In 2001 I leave Charles Hewitt gallery in Sydney after 2 successful exhibitions, and go it alone again. In 2002 my mother (the happiest person i have yet known), continued her spiritual journey, not without doing what she and my father had always done, encourage the gift of expression and belief. I have produced to short films of my ice works series, one a live 35mm stop motion film shot behind the Art House hotel in Sydney of 3, 120lt ice blocks over a week. I produced with photographer Lisa Giles a documentary on bird people, a small glimpse of the colourful world of birds, and professional and amateur tweeters. and in 2002 was granted as director the first round of the new south wales film and television office, funding initiative, the aurora funding for development of feature film scripts, with Richard Linsel (writer) and Megan Harding producer).

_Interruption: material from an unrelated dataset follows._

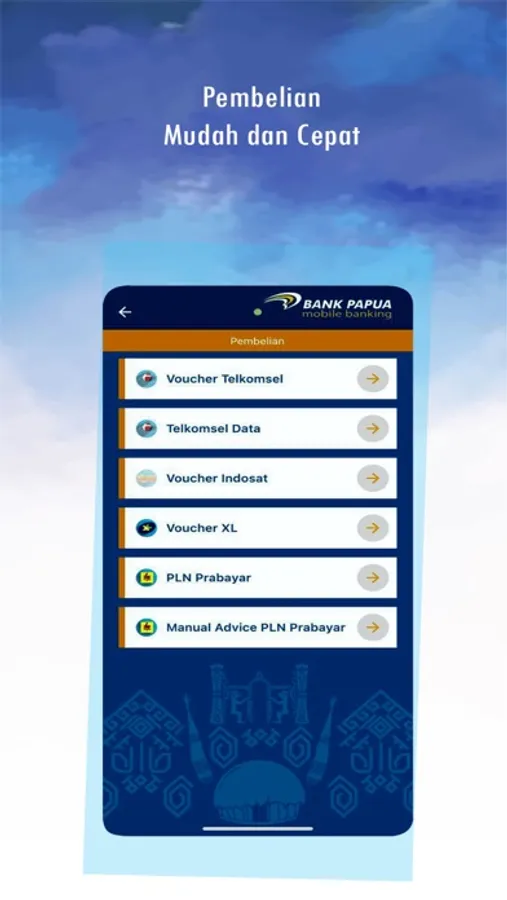 Mobile Banking Bank Papua merupakan layanan perbankan dengan menggunakan fasilitas handphone atau smartphone berbasis aplikasi agar Anda dapat bertransaksi dengan mudah dan cepat serta memiliki tampilan menu yang menarik dan mudah digunakan.

In 2003, I again work with the humane society, creating a series of 12 ltd edition prints to raise money for wild life funds. I am represented in Melbourne by Greythorn Galleries in Toorak and in 3 weeks have my first solo show of Ned Kelly dreaming, a personal body of figurative pours which sprout from me, in memory of my mum and the arrival of me becoming a father. I was invited to collaborate with writer/director Scott Rankin, video artist Kirsten Bradley and a team of musicians, actors, and technical wizards in a production of ‘beasty girl’, a devised theatre piece for the Perth, Tasmania and Melbourne festivals. I performed live blending puppetry, live drawing, sculpture, found objects, video and basically anything our collective minds could rally up with one actor, a bunch of text, a mix of live and pre recorded video art, live and pre recorded music and a thylacine (Tasmanian tiger).

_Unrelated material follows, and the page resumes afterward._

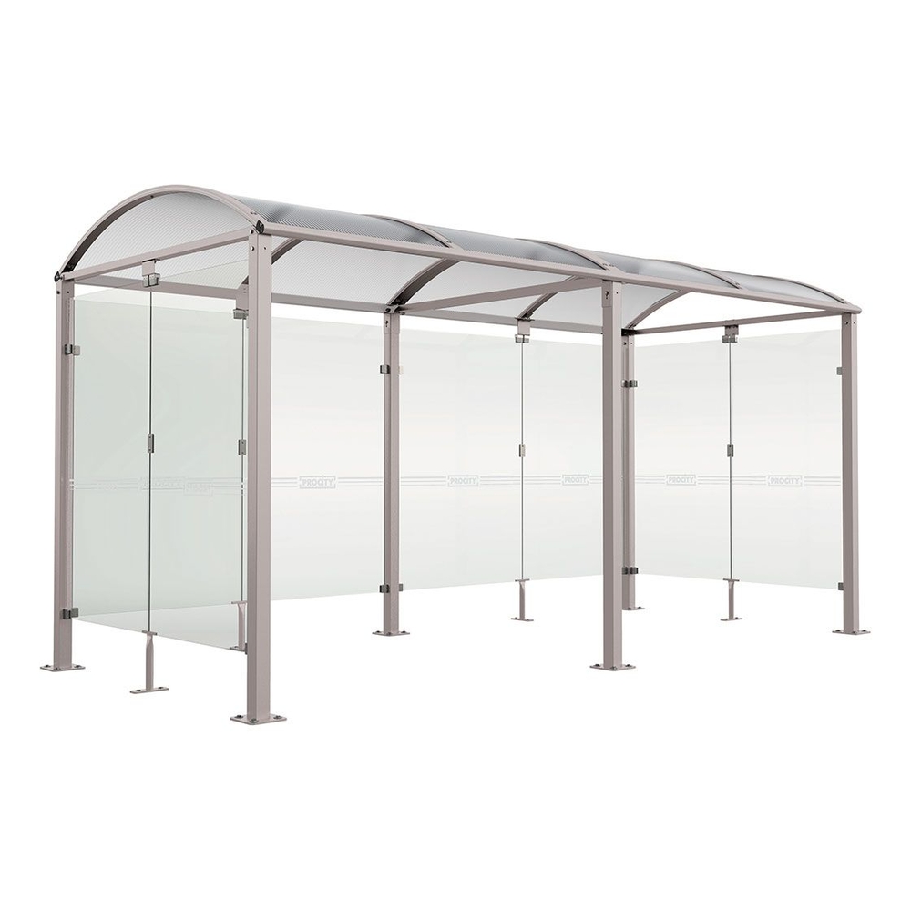 Abri vélos Voûte M bardages en verre RAL7044 - Tout-en-un Abri initial + 1 extension + bardages latéraux et de fond - Pieds fixes sur platines - PROCITY - 529023.7044

My life and Bec Andersons life has been blessed with a new companion, a new friend, a new love…on the 30th of September 2003, Bodhi Rose was born…and my work takes on a new journey…landscapes…the beginning of the 2nd body of ice paintings. The past 4 years I have had 5 solo exhibitions in both Melbourne and Sydney, held my annual one night paper work shows, and exhibited in numerous group shows in Melbourne, Sydney, Adelaide, Perth and Hong Kong. the desire to create has pushed not only the mediums but my artistic practices into a meditative force…devouring the inner and otter worlds of my words…art. 2004 has started with a bang…after a year of working with sculptor Robert, collectively using wood, feathers and found objects for a body of works for a year of writing and dropping the brush as a tool, (my works become figurative pours), I find myself digging deeper, finishing series, honing my techniques and focusing again after 10 years on the nude. Within this website is a glimpse of my artistic endeavours…my life in miniature ..a journey of enlightened ramblings…a dyslectic stream of consciousness, of passion, of soul…a journey which continues to sail me and the one blue eared rabbit into the uncharted waters and fulfill this life.